4 Analysis of the marginal distributions

4.1 Methodology of fitting the marginals

In a first step the data is divided into several subsets. Each subset corresponds to one class, here to one species. \(m_{c}\) denotes the median (alternatively the mean) of class c. In the following we consider the measured values of trait j. Let \(Z_{1},\ldots ,Z_{n}\) be the data sample of the considered trait; i.e. \(Z_{i}\) is the i-th measured value of the trait under consideration. \(c(1)\ldots c(n)\) denote the classes of the sample items. For each class c, we compute the empirical median \({\hat{m}} _{c}\).

In the second step we normalize the data by:

$$\begin{aligned} {\tilde{Z}}_{i}=\frac{Z_{i}}{{\hat{m}}_{c(i)}} \end{aligned}$$
(2)

for \(i=1,\ldots ,n\) in order to make the data comparable. Normalized data have the property that the empirical median equals 1.

In the last step, the Weibull distribution or the gamma distribution (see Appendix A) is fit to the transformed data \({\tilde{Z}}_{1},\ldots ,{\tilde{Z}} _{n}\) using the maximum-likelihood method. According to the maximum-likelihood method, the estimated parameters of \(\theta _{j}\) are evaluated by:

$$\begin{aligned} {\hat{\theta }}=\arg \max _{\theta \in \Theta _{1}}\sum _{i=1}^{n}\ln f_{j}( {\tilde{Z}}_{i}\mid \theta ) \end{aligned}$$
(3)

where \(f_{j}(.\mid \theta )\) denotes density model of trait j and \(f_{j}\) is the Weibull or the gamma distribution. In case of Weibull or gamma distribution, no explicit formulas for the estimators are available. The minimization problem (3) has to be solved numerically deploying an efficient optimization algorithm (see e.g. Meeker and Escobar (1998), Chapters 8 and 11). To find the best model, one can compare the values of the Akaike and the Bayesian information criterion (AIC, BIC). The smallest value gives the best model in the considered case.

Finally, \(f_{j}(.\mid {\hat{\theta }})\) is the best-fit model density for the normalized marginal data. For the original data, the best-fit density for the original marginal data of class c is \(t\mapsto {\hat{m}}_{c}^{-1}f_{j}(t~ {\hat{m}}_{c}^{-1}\mid {\hat{\theta }})\) and its median is about \({\hat{m}}_{c}\).

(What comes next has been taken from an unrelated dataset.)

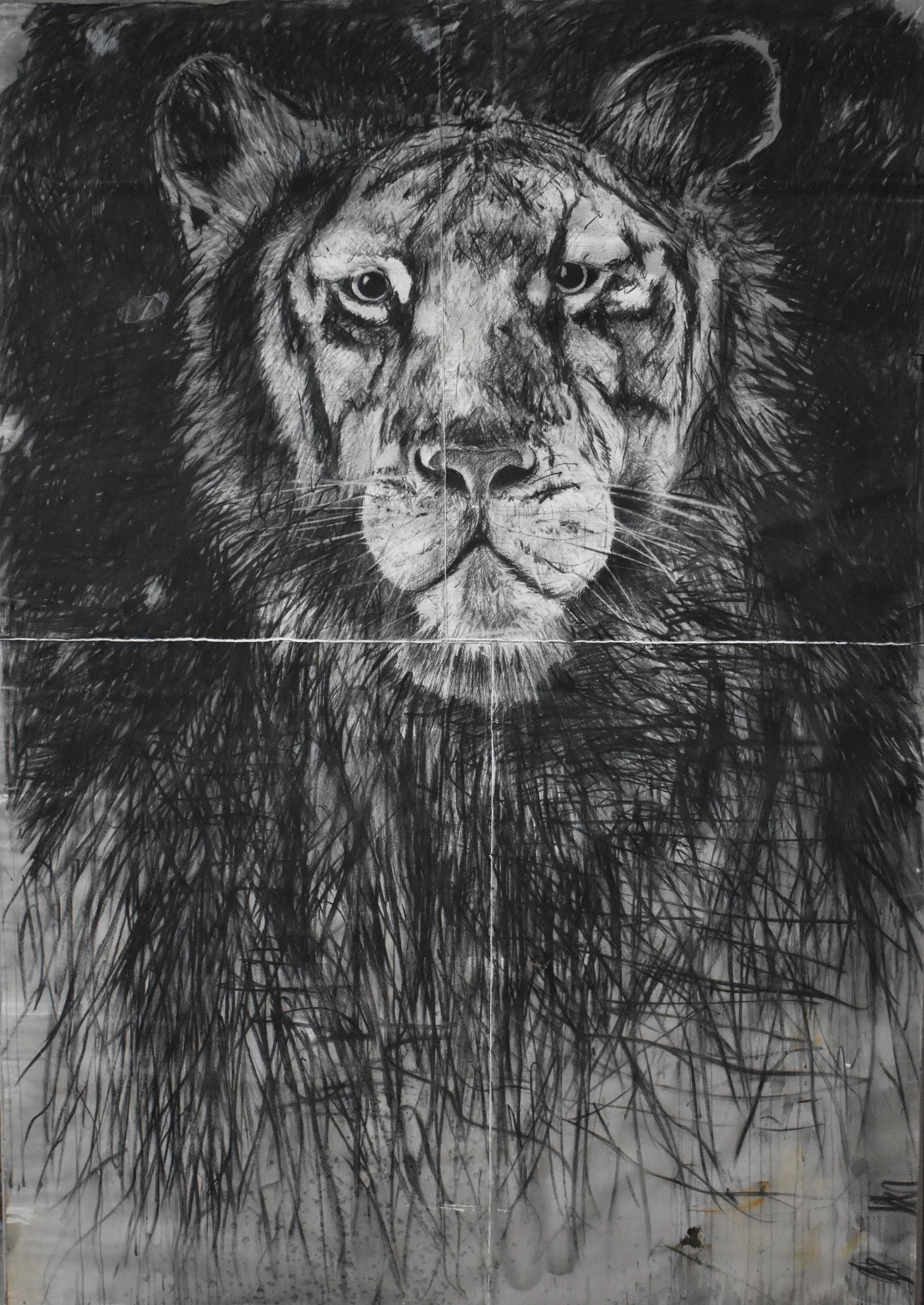 Liger, 2020,charcoal and ink on handmade paper, 140x200cm

The computations were performed using R software. For distribution fitting and goodness-of-fit, the packages MASS (function fitdistr) and goftest are available in R.

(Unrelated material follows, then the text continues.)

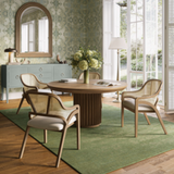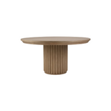 The Portobello 60" Round Dining Table showcases a refined, contemporary design with a Sandbar finish. Its fluted pedestal base adds architectural elegance, while the spacious round top creates an inviting setting for gatherings. Perfect for both casual and formal dining spaces, this table combines style and functionality effortlessly.

4.2 Results for marginal distributions of the observed data

Looking at the density plots of the variables for the various species, we see that shapes of these curves are rather similar, see Figure 5 in Appendix A2 depicting the densities of the variable RSR. Further in case of some species, there is a sizable difference between the mean and the median being an indicator for the presence of outliers (cf. Table 5 in Appendix A2, exemplified for variable RSR and several grass species). We found similarities between species in density plots of all tested traits. Hence, the whole transformed data of any trait can be regarded all as coming from the same statistical population of the trait. Its distribution can be considered as a baseline one.

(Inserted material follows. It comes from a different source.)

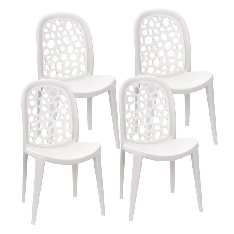 Die Gartenstühle LONA bieten eine stilvolle und bequeme Sitzgelegenheit auf der Terrasse und im Garten. Das originelle Lochmuster in der Rückenlehne macht die Sitzmöbel zum Hingucker. Dank der Verarbeitung aus robustem Kunststoff haben die Stühle ein geringes Gewicht und sind einfach zu pflegen. Setz dich mit Familie und Freunden an den Gartentisch und geniesse entspannende Stunden auf diesen weissen Gartenstühlen!

The results of the baseline distribution fitting are provided in Tables 6 and  7, see Appendix A2. All the estimated distribution models are checked using the Anderson-Darling goodness-of-fit test (AD-Test in Tables 6,7). All checks were successful since all p-values are higher than 0.05. Additionally, the AIC and BIC show mostly a small difference such that both models, gamma and Weibull distribution, are reasonable for modeling marginal distributions in most cases. Throughout the results reveal that the estimated models give good approximations of the marginal distributions.

4.3 Discussion

The mean is widely used as location parameter of the distribution. If outliers are present in the dataset, then the median should be preferred over the mean as description of the location since the median represents a more robust statistic. Because of the variety of the species medians \(m_{j}\) , normalization according to (2) makes the trait values comparable.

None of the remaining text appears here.